Portions of the roll are visibly wavy or corrugated.

The outer surface of the roll may not be a perfect cylinder or the end of the roll layers may not form perfect circular rings.

  • CD buckles may become permanent deformations in the web and create functional or optical defects in final products, especially in laminated or coated products.
  • CD buckles in PSA products can create air gaps in the roll’s inner layers, creating visual and functional defects where the gaps form.
  • MD buckles may become permanent deformations in the web and create functional or optical defects in final products, especially in laminated or coated products.
  • Buckles in the roll do not pass esthetic quality needs (i.e., the rolls look bad).
  • Buckles may form permanent distortion in the web upon unwinding.
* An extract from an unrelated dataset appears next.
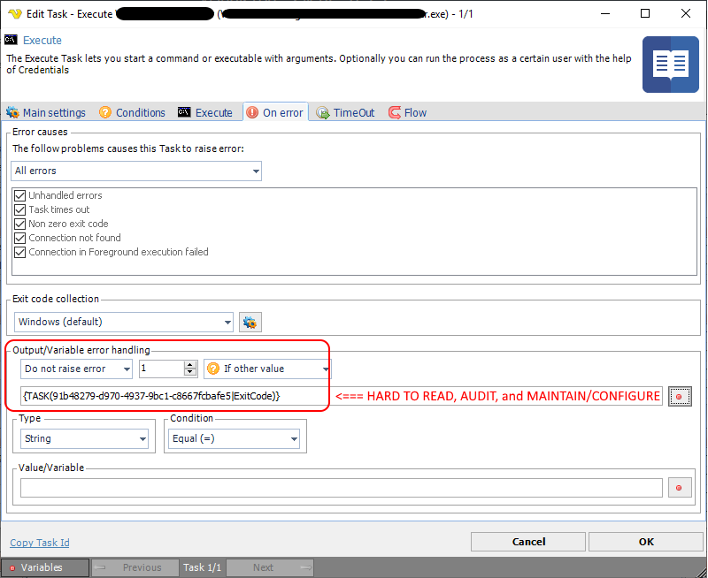 The alternative, {Task|TaskGuidGoesHere|ExitCode} is bad because:

  • In slitter rewinding, one severely buckles roll may disturb winding quality of the entire set from tension variations or upsetting forces and contact load from a shared winding nip roller.
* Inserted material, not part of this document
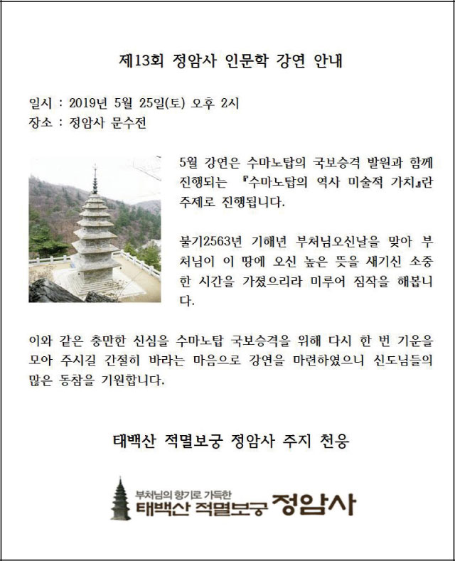 『제13회 정암사 인문학 강연』_5월 25일(토) 오후 2시 페이지 정보 작성자 정암사 작성일19-05-11 13:31 조회9,340회 댓글0건 본문 . 댓글목록 등록된 댓글이 없습니다. 이전글 다음글 목록

  • Slip knots (a.k.a., convolution buckles) may lead to wrinkling and creases in the web.
  • CD buckles in rolls are measured by direct observation. They may appear as CD ridges in the roll, sometimes visible at the outside of the full roll, but commonly only seen in layers near the core. From an end view, the CD ridges will form starring, spoking, or wavy ring patterns as several layers will buckle as a set, nesting upon each other.
  • Note width and radial positions where CD buckles occur – Full width vs. in specific lanes across the roll’s width, throughout the roll or only in specific radial positions, such as in layers near the core or at the roll’s outer diameter layers.
  • Direction observation of MD buckled ridges.
  • Note if the MD buckles have a uniform or variable pitch or CD wavelength.
  • Note if the MD buckles form across a portion or the entire width of the roll.
  • Note if the MD buckles appear throughout the roll or only in radial zones (e.g., only in the roll’s outside layers).
  • Note if the MD buckles are in the roll immediately after winding or either develop later or increase over time.
  • Note if MD buckles are seasonal or align with humidity variations.
  • Observe surface imperfections while winding.
  • Note if surface imperfections change with winding additional layers.
  • Note the position of surface imperfections, both their CD and radial position within the roll. Unwind the roll to see if the slip knot was initiated by surface debris or other surface imperfection.